中澤准教授は、(1)デフレに対応した社会システムを作る、(2)デフレから脱却し安定的なインフレ率を実現する、の二つの選択肢を示した。
どちらの選択肢がよいのだろう? 中澤准教授の答えは(2)だ。(1)では「まじめに働いても賃金が減っていく社会になります。またマイナス金利にならないと通常の金融政策が機能しないが、マイナス金利は非現実的です」という。
デフレから脱却する方法については、「鍵を握るのは日本銀行の量的緩和政策」と述べた。量的緩和政策とは、簡単に言えば、市中銀行に大量の資金を供給し、株価などの上昇を通じて景気を刺激する政策だ。
日銀は2001年3月から2006年3月までの5年間、量的緩和政策をとったが、本当に効果があったかどうかは、識者の間でも意見がわかれているという。

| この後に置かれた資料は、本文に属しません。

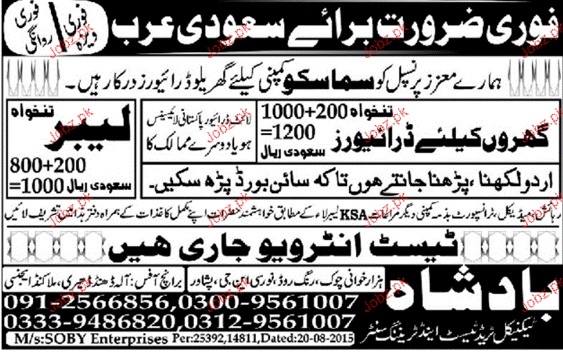 Drivers and Labors Job Opportunity
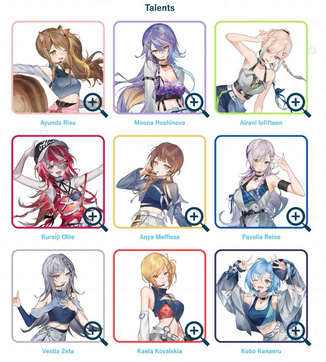 Ayunda Risu / Moona Hoshinova / Airani Iofifteen / Kureiji Ollie / Anya Melfissa / Pavolia Reine / Vestia Zeta / Kaela Kovalskia / Kobo Kanaeru

中澤准教授は、その理由について、緩和のスピードが遅かったことのほか、「政策の質」に注目した。「量的には十分に見えても、買い入れている長期国債とされているものの多くが(いずれ近いうちに償還される)残存期間が短いものだったことがわかっています。株式市場や為替に与える影響も乏しく、また、人々や企業の将来への期待が変わるほどのインパクトが乏しかったのでしょう」
中澤准教授は、1990年代、必ずしも政府の財政政策と日本銀行の金融政策が同調していなかったとし、両者が協調して初めて効果があると指摘した。日銀は今年2月、年1%の物価上昇というインフレ目標を掲げ、10兆円規模の量的緩和に踏み切った。だが、米国は物価上昇率2%を目標に緩和政策をとっている。中澤准教授は「日銀もやるときは一気呵成にしなければならない」と積極的な対応を求めた。